Fo sho my 80 coupe looks raggedy as fuck right now but most people respect it cuz they see its a classic lowrider project they see the potential they say "that shits clean" as I bounce by them in my ride


----------



## boodro

My caddy as of now I just bought it three weeks ago and it runs gonna take my time and do it right and enjoy every moment fuck the ps3 games for now its all about my low low


----------



## Charger_on_22's

Chicago-n said:


> Only people that give two shits about it being 4 door or 2 door are fat lowrider guys.
> 
> Like you said, a female just sees a classic car and she's amazed by it.
> 
> Any layman does.


LMAO! I hate those fat fucking lowrider divas!


----------



## 70monte805

Charger_on_22's said:


> LMAO! I hate those fat fucking lowrider divas!


 That's not very nice to say to someone my brother, I heard you have a seed with a white devil so that makes you an uncle tom by default. So no black card for you to use anymore if true my brother.

You need a STRONG BLACK WOMAN ON YOUR SIDE, A STRONG BLACK WOMAN MADE YOU. The white devil is here to corrupt you.

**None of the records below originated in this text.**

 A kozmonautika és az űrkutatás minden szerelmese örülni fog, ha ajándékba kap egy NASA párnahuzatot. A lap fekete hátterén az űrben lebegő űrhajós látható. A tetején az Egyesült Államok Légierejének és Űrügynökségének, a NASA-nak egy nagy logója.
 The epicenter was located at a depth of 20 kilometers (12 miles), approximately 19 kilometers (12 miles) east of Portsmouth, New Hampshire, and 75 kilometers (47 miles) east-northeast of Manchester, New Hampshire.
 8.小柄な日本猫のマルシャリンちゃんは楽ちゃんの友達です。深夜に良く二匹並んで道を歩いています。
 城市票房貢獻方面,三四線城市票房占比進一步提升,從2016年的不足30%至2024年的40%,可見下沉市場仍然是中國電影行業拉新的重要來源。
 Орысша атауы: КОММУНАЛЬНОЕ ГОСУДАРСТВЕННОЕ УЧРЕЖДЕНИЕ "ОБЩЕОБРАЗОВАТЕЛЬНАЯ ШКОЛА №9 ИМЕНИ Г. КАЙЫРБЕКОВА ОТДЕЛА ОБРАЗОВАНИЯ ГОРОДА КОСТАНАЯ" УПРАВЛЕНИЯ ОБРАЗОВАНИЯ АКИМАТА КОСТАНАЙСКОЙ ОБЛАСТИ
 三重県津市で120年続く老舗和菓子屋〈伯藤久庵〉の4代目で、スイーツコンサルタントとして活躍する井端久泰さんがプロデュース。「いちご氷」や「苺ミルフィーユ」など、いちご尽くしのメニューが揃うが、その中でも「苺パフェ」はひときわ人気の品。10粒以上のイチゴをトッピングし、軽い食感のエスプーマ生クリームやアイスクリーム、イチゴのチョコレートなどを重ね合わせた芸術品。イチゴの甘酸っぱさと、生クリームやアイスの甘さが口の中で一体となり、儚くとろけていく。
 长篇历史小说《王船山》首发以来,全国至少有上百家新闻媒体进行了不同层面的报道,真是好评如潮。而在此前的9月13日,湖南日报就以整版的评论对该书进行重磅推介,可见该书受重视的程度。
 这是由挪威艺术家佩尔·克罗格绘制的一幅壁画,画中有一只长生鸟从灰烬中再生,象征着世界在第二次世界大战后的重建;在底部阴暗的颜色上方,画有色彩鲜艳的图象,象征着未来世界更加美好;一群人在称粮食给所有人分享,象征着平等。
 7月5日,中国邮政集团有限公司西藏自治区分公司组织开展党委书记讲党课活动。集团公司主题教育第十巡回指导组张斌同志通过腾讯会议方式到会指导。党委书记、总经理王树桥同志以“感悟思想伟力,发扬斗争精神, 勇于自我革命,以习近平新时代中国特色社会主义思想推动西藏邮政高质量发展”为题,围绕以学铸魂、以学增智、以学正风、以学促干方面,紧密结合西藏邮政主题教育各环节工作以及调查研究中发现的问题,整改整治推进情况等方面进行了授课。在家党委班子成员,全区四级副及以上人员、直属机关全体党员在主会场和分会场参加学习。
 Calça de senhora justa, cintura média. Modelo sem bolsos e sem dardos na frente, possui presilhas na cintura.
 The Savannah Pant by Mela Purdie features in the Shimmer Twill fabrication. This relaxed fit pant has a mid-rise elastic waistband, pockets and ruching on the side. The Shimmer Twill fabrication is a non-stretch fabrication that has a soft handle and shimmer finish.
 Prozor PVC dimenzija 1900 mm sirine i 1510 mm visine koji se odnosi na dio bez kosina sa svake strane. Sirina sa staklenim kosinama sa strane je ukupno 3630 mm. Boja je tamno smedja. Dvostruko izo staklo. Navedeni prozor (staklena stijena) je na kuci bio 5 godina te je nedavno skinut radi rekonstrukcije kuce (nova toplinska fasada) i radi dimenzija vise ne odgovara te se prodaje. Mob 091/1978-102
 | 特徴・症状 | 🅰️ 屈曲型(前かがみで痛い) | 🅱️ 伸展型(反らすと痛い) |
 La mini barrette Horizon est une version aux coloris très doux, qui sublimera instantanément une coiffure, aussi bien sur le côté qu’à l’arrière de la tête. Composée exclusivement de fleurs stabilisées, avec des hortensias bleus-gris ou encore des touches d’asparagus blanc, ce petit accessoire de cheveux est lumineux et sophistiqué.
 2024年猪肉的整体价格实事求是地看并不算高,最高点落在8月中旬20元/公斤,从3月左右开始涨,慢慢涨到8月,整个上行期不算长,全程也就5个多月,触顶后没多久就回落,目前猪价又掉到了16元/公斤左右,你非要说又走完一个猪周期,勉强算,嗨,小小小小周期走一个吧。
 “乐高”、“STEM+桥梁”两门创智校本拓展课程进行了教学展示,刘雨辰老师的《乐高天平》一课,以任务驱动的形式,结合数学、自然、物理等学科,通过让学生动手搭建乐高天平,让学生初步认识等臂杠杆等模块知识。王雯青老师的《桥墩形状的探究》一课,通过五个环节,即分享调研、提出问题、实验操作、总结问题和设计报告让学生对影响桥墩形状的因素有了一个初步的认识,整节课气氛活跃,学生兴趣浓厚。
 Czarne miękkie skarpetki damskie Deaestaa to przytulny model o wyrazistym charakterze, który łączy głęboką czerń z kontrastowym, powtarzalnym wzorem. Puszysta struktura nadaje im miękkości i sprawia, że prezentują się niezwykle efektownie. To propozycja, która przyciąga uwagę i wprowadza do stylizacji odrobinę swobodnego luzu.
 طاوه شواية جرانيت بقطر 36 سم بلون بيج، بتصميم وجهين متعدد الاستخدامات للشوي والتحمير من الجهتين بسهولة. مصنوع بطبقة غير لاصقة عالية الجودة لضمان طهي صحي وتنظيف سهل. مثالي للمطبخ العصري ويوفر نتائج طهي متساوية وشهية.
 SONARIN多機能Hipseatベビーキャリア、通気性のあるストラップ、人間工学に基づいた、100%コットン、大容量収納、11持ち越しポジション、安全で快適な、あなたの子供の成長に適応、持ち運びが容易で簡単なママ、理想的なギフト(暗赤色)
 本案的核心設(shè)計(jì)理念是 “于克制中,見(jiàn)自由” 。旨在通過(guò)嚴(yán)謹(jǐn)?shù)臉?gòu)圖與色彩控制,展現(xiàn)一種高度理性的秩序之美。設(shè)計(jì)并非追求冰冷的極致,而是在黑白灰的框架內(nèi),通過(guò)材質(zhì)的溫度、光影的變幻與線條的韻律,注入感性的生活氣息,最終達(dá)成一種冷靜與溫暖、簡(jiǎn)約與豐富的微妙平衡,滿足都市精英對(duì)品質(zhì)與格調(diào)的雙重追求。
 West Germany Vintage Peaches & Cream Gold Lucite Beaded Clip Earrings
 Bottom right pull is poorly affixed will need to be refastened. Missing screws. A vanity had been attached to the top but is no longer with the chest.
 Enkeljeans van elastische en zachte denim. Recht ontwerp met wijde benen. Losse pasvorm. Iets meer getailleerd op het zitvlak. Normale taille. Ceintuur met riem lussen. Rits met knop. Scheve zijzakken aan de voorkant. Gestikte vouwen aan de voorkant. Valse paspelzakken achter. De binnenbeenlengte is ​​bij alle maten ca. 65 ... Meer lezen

The BLACK woman MUST submit to her BLACK husband. And Caucgress MUST pass a law ALLOWING BLACK polygamy. WHITE devils should BE sterilized. I have 17 SEEDS by 14 beautiful BLACK women and THEY should RAISE my children WHILE I am busy FIGHTING the revolution on forums AND JEWtube. Mickey Mouse was BLACK. Knowledge is POWER


----------



## Courage

70monte805 said:


> That's not very nice to say to someone my brother, I heard you have a seed with a white devil so that makes you an uncle tom by default. So no black card for you to use anymore if true my brother.
> 
> You need a STRONG BLACK WOMAN ON YOUR SIDE, A STRONG BLACK WOMAN MADE YOU. The white devil is here to corrupt you.
> 
> The BLACK woman MUST submit to her BLACK husband. And Caucgress MUST pass a law ALLOWING BLACK polygamy. WHITE devils should BE sterilized. I have 17 SEEDS by 14 beautiful BLACK women and THEY should RAISE my children WHILE I am busy FIGHTING the revolution on forums AND JEWtube. Mickey Mouse was BLACK. Knowledge is POWER



LMAO THAT MICKEY MOUSE WAS BLACK LINE HAD ME ROLLIN


----------



## JOVEN619

Personally, I wouldnt put $15 G's in a $5 G car thats bad business. Recouping investment is a priority to me, but .... My opinion means nothing. If your 4door makes you happy build it and drive the crap out of it.


----------



## Hydrohype




----------



## 309whiteboy

rIdaho said:


> :yes: ...which proves that some guys will spend blood, sweat, money,and time only to impress another man!:sprint:....lol. Opposed to the majority who just straight up enjoy lowridin' and follow they're creative vision. And I say "majority" because a topic over 4,000 posts prove that this is not "end of topic" or the few haters that multi-negative post here as if they're some kind of representative for the lowrider community but yet clearly don't have the understanding of lowrider roots, such as individualism. :biggrin:


 yousa beast! I have a 64 4 door hard top. for one, its all I can afford due to the fact I am supporting my wife through medical school and paying for literally everything that keeps us alive until further notice. also im not ballin like a nut sack like some of these other "ballers" on here that would rather walk than drive a 4 door. another point is that my 64 4 door was given to me by my father when I got baptized so it has more sentimental value than some douche bags opinion that doesn't matter any more to me than a fucking cum rag. people that care about what other people think about their vehicle are weak minded and insecure. fuck what they have to say. the only thing that matters to me is my God, my wife, daughter and family and my word in that order. I like my shit, my wife likes my shit and my daughter absolutely LOVES my shit. fuck my 4 door? ha! no homie, fuck you!


----------



## 1964dippin

Ttt,well sed primo,


----------



## MAKIN MONEY

most people build four doors because they're poor


----------



## woeone23

Chicago-n said:


> What does the fact of being a convertible have to do with a four door?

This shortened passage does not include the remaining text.